EL PAÍS

Quand les pierres parlent et que les tempêtes deviennent des histoires

Au cours de l’été 1816, le ciel d’Europe s’assombrit et le temps se refroidit à cause d’un volcan lointain, dont l’éruption l’année précédente peut être considérée comme l’un des pires cataclysmes de l’histoire du monde.

Pendant ce temps, à Paris, un homme d’origine allemande cherche le sens caché de ce phénomène. Il s’appelle Alexander von Humboldt et il soupçonne que l’origine de tout cela est contenue dans l’éruption de Tambora, un volcan sur la petite île de Sumbawa, en Indonésie, dont les gaz en expansion jettent des cendres dans l’air ; résidu carbonisé en petites particules qui, plus d’un an plus tard, voyagent à l’autre bout du monde.

Ces choses sont racontées mieux que quiconque par le poète colombien William Ospina (Padoue, Tolima, 1954) dans son dernier livre, une histoire qui nous emmène dans un voyage à travers le passé splendide des géographies sud-américaines. Le livre est intitulé (Maison aléatoire, 2023) et on y raconte les aventures de Humboldt (1769-1859), un scientifique qui franchit les frontières de la science pour transformer sa sagesse en art. Il l’a fait sans perdre un iota de sa capacité d’émerveillement, qui est le germe de la connaissance ; un étonnement qui, dans son cas, est né de la contemplation et qui, selon Ospina, a été la lymphe qui a maintenu Humboldt en vie jusqu’à l’âge de quatre-vingt-dix ans.

La curiosité qui alimentait l’esprit de Humboldt coupait le monde en deux moitiés, car le monde avait besoin d’une interprétation organique par opposition à l’interprétation mécanique proposée par l’époque. Armé d’instruments magiques, Humboldt a su transformer les tempêtes en histoires. De son passage dans des contrées si vivantes naîtra quelque temps plus tard le réalisme magique, mais ne nous perdons pas. Tout d’abord, nous venons ici pour parler de science. Et il y a un chapitre, dans le livre d’Ospina, où il est fait mention de l’effet Coriolis lorsque, suivant le cours du bras de rivière nommé Casiquiare, et sous le bruit des oiseaux, Humboldt s’aperçoit que ses eaux sont détournées perpendiculairement à la courbe de l’Orénoque, et ils le font en sens inverse pour finir dans le Fleuve Noir. Plus de trente ans plus tard, alors que Humboldt était encore en vie, le scientifique français Gaspard-Gustave Coriolis découvrit qu’il existe une force qui agit sur les fluides et qu’elle est directement liée à la rotation de la Terre.

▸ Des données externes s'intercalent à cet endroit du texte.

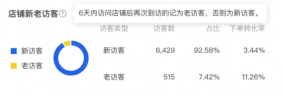 这里的老访客不是老客户,老访客指的是在6天内再次到访店铺的访客叫做老访客。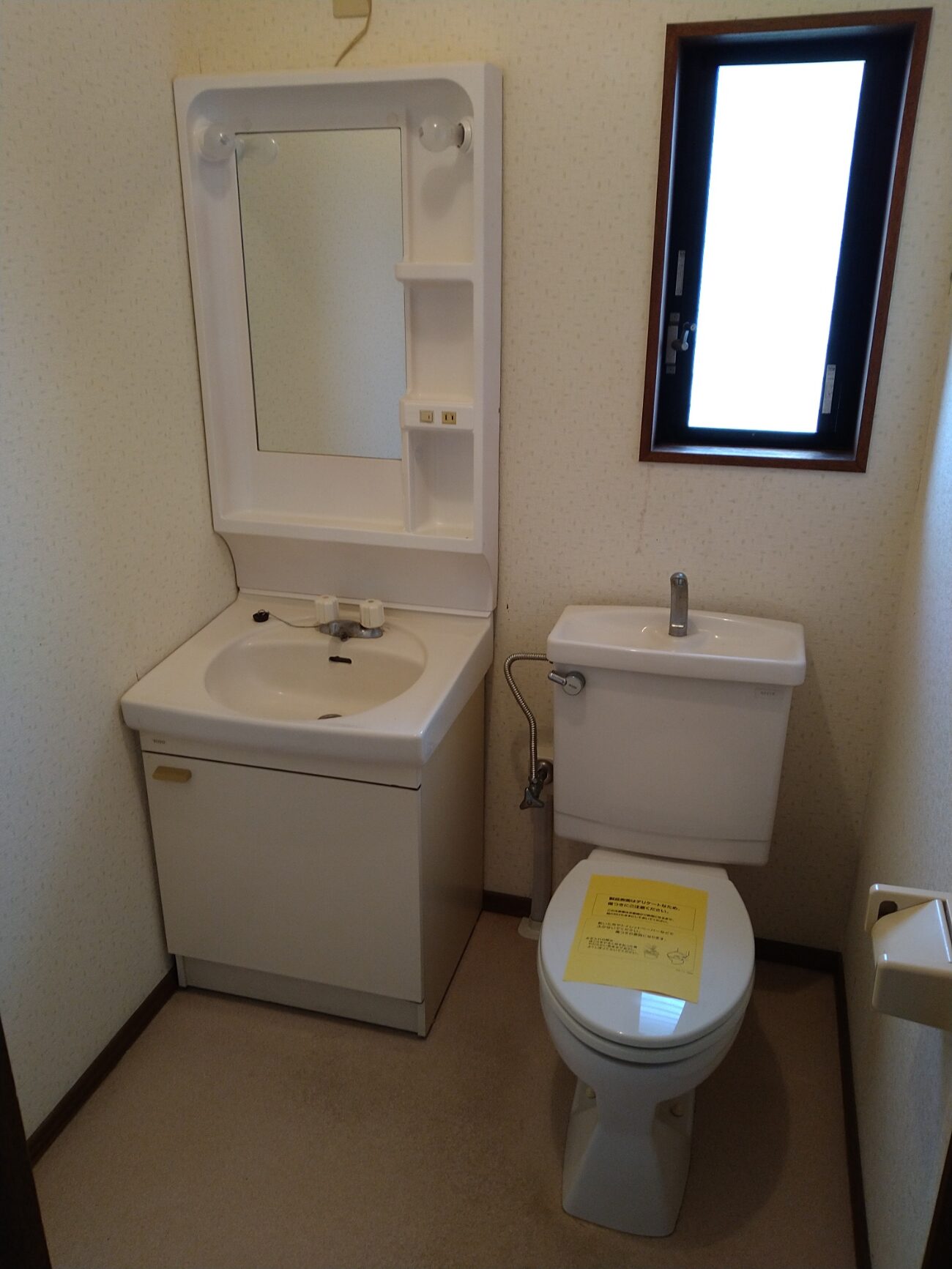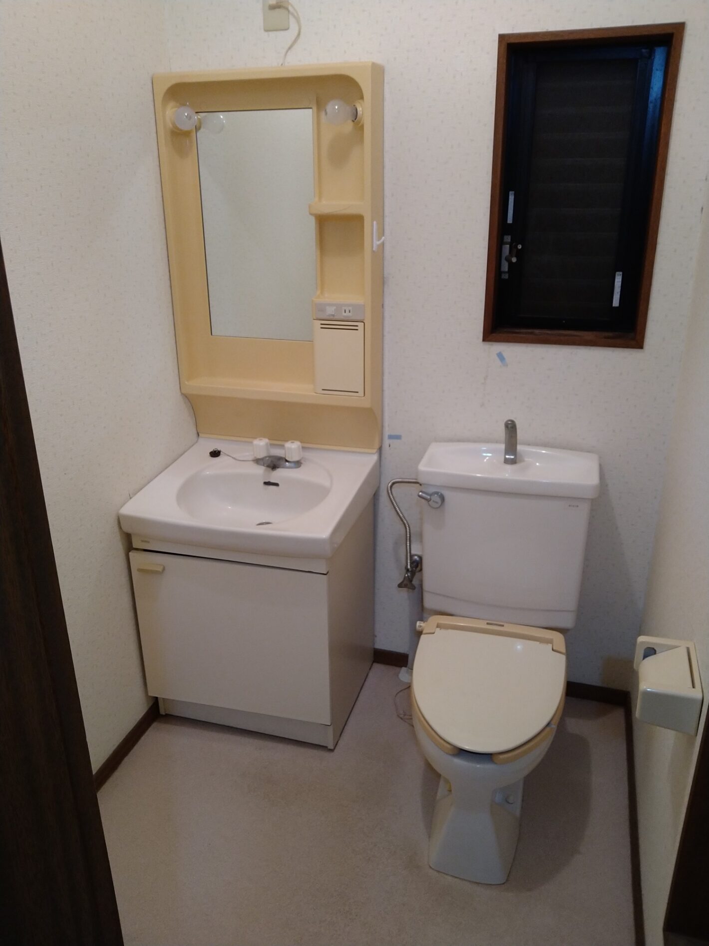 黄ばんだ化粧棚が白く変わることで全体の雰囲気も明るくなって古臭い不快感がなくなりましたね!
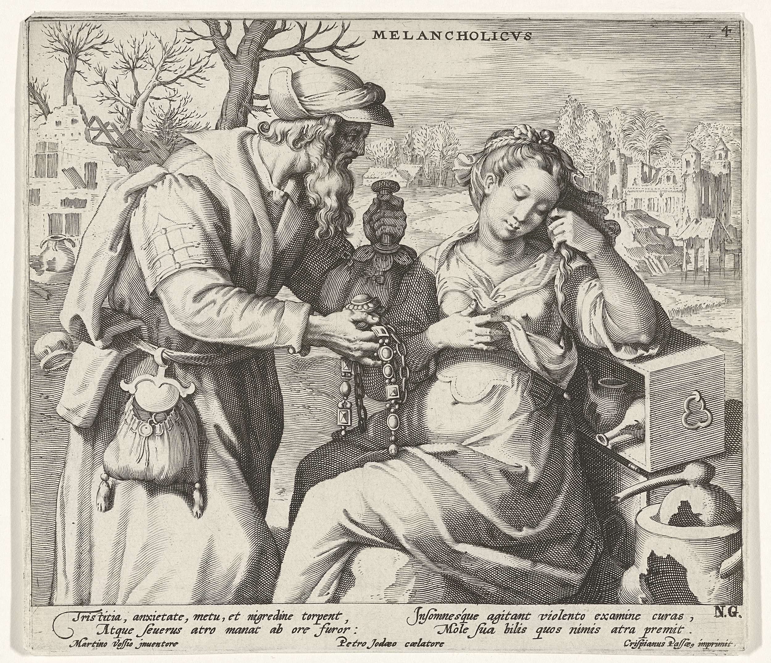 Landschap met een jonge vrouw, met neergeslagen ogen, leunend op een kistje. Een oude man biedt haar juwelen en een stokkenbeurs vol geld aan. In de marge, in twee kolommen, een onderschrift in het Latijn. Vierde prent uit een serie van vier met de vier temperamenten.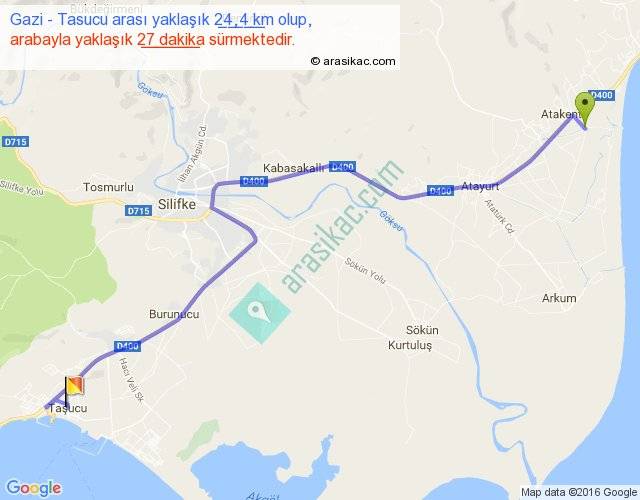 Gazi - Tasucu arası yaklaşık olarak 90 km/h ile yukarıda belirtilen sürede olup, iki yerin kuş uçuşu uzaklığı (mesafesi) 18'dir. Yolculuk otobüsle 35 dakika sürmektedir.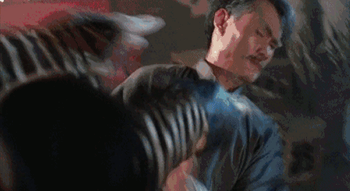 瞧这抓人手臂的力度和神气,生生演绎了"战场如情场"的全庸武学精髓(附注:全庸为地摊文学常见作家,又名山寨金庸)。仇人相见,不再分外眼红,而是你拍一我拍一地玩起家家戏。镜头再多半秒就露馅。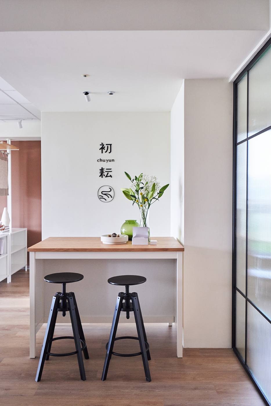初耘為因應食品品牌的成立,加上作為品牌第一個據點,辦公室設計上以大量的公共空間為主軸(如會議室、吧台區),並利用簡約的木質家具以配合白色系為主的空間,同時以局部跳色讓空間有青年活潑感,充分展現品牌精神。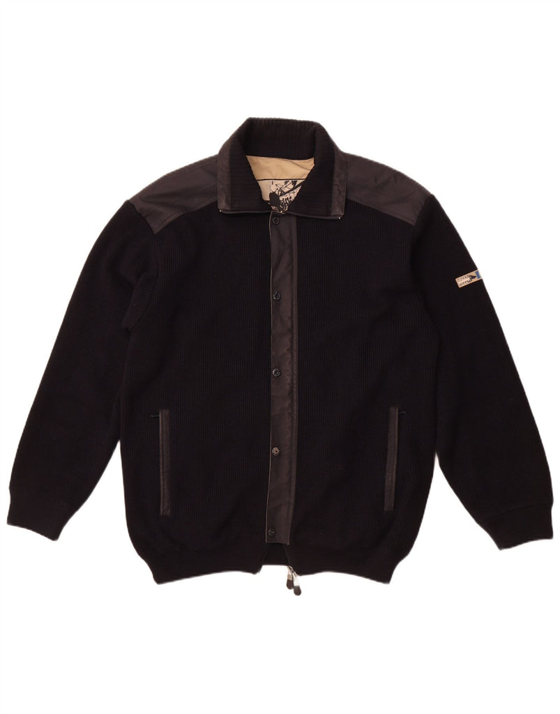 GREEN COAST Herren-Strickjacke IT 58 2XL Marineblaue Merinowolle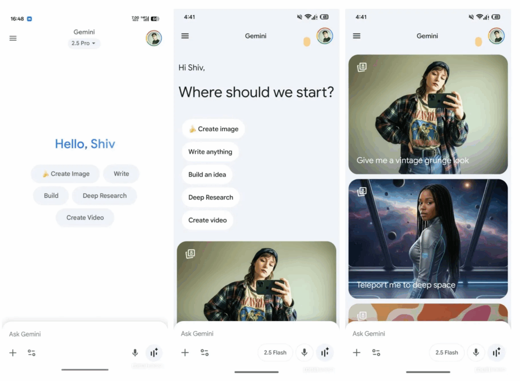 A highlight of this feed-based UI is its diversity of suggested prompts. For example, users might see options like “Teleport me to deep space” to generate cosmic visuals, “Give me a vintage grunge look” for creative image editing, or “Quiz me on basic biology” for quick knowledge checks. Gemini will also showcase examples of how it can be used for image generation, coding, or daily news summaries, all paired with visuals that make information easier to understand at a glance.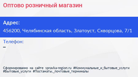 Оптово-розничный магазин по адресу 456200, Челябинская область, Златоуст, Скворцова, 7/1 в дальнейшем Организация, размещена в следующих категориях:

Le ciel au-dessus de l’Europe s’assombrit et le temps se refroidit à l’été 1816. A Paris, Humboldt soupçonne que cela est dû à l’éruption d’un volcan sur une petite île à l’autre bout du monde un an plus tôt.

Alexander von Humboldt et Aimé Bonpland au pied du volcan Chimborazo (Equateur), peinture de Friedrich Georg Weitsch (1810).Wikipédia (bpk / Stiftung Preussische Schl)

Avec ces choses, Humboldt cherche à savoir à quelles questions le monde répond. Pour ce faire, interprétez la position des étoiles et cherchez la clé qui ouvre la relation entre les corps célestes et les fleurs. Et il la trouve de la même manière que dans chaque fleur il trouve la carte d’un territoire encore inexploré. Car pour lui, pour Humboldt, ces terres n’avaient pas été découvertes. En tout cas, ils avaient été conquis.

Le paysage que ses yeux ont vu n’a pas survécu à sa mort et les dommages causés à la nature, par les êtres humains, n’ont que peu ou rien à voir avec le dialogue que Humboldt a eu avec lui. C’étaient des époques différentes; temps où Humboldt collait son oreille aux pierres pour les entendre parler, temps où un été, le ciel était couvert de cendre et l’énigme de la vie collait au palais de Humboldt comme si ladite énigme était une autre forme d’intelligence parvenue à sa bouche.